Education: May 2005 Archives
Roger Scruton at Right Reason has one of the best discussions of home and private schooling that I've ever come across. In his post he explains the position that I've had but couldn't put into words.
I think it would help the conservative cause to recognize the enduring validity of Hegel’s tri-partite distinction (put forward in the Philosophy of Right), between family, civil society and state, and the contrasting and mutually dependent forms of obligation to which those three spheres give rise. For it is the false dichotomy between family and state that has led to so much of the conflict over education. The third and crucial term has been missing from the debate.The family is a sphere of affection and duty, governed by obligations that have never been chosen. The state is a structure of command, organised by law, and directed from the centre by legislators and bureaucrats. Between the two lies civil society, which is a system of voluntary association, organised by good will, and directed by local initiatives in which those who have an interest in some outcome are also involved in producing it. Home schooling is an attempt to rescue children from the state and to return them to the family. But it would be sufficient to return them to civil society, in the form of the locally organised private school, where parents play a role and contribute directly to maintaining the teachers who run the operation. ...

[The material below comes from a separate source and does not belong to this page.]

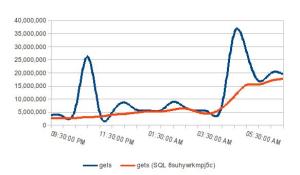 The reason I used a spreadsheet was that I didn’t know ahead of time which charts or formulas I wanted. I was investigating a performance problem and wanted to quickly and easily visualize many combinations of the data. I quickly copied about 30 metrics or so into columns in the spreadsheet and then started adding various formulas to combine them. Then I could very quickly create a number of charts with subsets of the stats and formulas.

Nietzsche pointed out long ago that, in a democracy, state institutions will quickly be colonised by resentment. (He used the French word, ressentiment, in order to emphasize the deep and pre-rational sources of the emotion.) Not able to win people by the normal means of cooperation, concession and mutual respect, the resentful will seek to co-opt the power of the state in order to break down resistance to their punitive goals. In the sphere of education the power of the state is enormous. Legal measures compel parents to educate their children, deprive them of any choice among the schools offered by the state, and impose a curriculum and timetable that transmit the secular and libertine morality best suited to inducing dependency on the state. I don’t say that there is an intention to produce dependency on the state: dependency arises by ‘an invisible hand’, once the egalitarians have succeeded in taking control of the educational network.
Civil society, which flourishes through cooperation, emulation and a forgiving acceptance of talent greater than your own, does not make room for the resentful. Hence, since education is dedicated to achievement, knowledge and the growth of human potential, it should be entrusted to civil society and not to the state. This means that we should encourage the growth of private schools, which will rescue not only the children of the wealthy and the highly educated, but the children of everyone. Home schooling aims to recapture for the family children who had been confiscated by the state. It is, it seems to me, only an interim measure, which must make way, in due course, for the private school. In a flourishing private school children will be protected from state control while gaining valuable social resources from outside the family.
Read the whole thing. I hate public education, but I've never been comfortable with "pure" home schooling; however, I really like the idea of locally controlled private schools that pool the resources of the community for the good of the students -- that's what public schools are supposed to be, and maybe were until Nietzsche's predictions ran their course. I'm not a fan of Nietzsche, but he's got modern bureaucracy nailed.
In the future, when I refer to eliminating the public school system, this is the post I'm going to link to to explain the alternative to my critics. Schools must be taken from the state and returned to the sphere of civil society.
(HT: Max Goss.)
Here's an interesting proposal from Tim at democracyforcalifornia.com who thinks that leftists need to infiltrate the conservative heartland of America using private schools. He does a pretty good job recognizing the principle numerical weakness of the modern "progressive" movement, but I don't think his solution of "Freedom Schools" is really practical.
First, demographics are against him. Not only are "heartland" areas more conservative, they also produce far more children than the leftist coasts. His idea to place leftist private schools in these conservative areas ignores the evidence that as people drift leftward they have fewer children. Even if the children his schools educate end up being more leftist than their parents, they'll end up having fewer kids of their own than will their rightist peers. It's an uphill battle that can't be won unless the converts of his Freedom Schools have more kids in total than the rightist kids who remain. In order for that to happen, he'd need to convert roughly two-thirds of this generation just to reach parity. Of course, the balance only needs to shift a small degree in order to produce some results, even if they aren't determinative.
Second, education is incredibly expensive. According to the Organization for Economic Cooperation and Development, America spent $7,397 per student for elementary and secondary education in the year 2000. So for the approximately $150 million the Democrats raised for John Kerry's presidential bid, they could have educated around 20,000 students for one year. Except that it took much more than a year to raise that much money, and millions of hours of volunteer labor. Plus, most private schools are more expensive to run than public schools, which that number mostly represents. Finally, 20,000 a tiny drop in the bucket considering that there are around 75,000,000 Americans between 0 and 18 years of age.
Anyway, as I said, it's an interesting idea. Personally, I'm completely in favor of eliminating public education entirely and moving towards a private elementary and secondary education system that mirrors our mostly private university system. Our university system is the best in the world, while our public primary education system is one of the worst. Do the math. I think Tim is way off base in thinking that leftist views are underrepresented in public education, considering that secular humanism is the only religion taught in public schools, but I wholeheartedly support his proposal insofar as I think more private and less public education would benefit our nation immensely.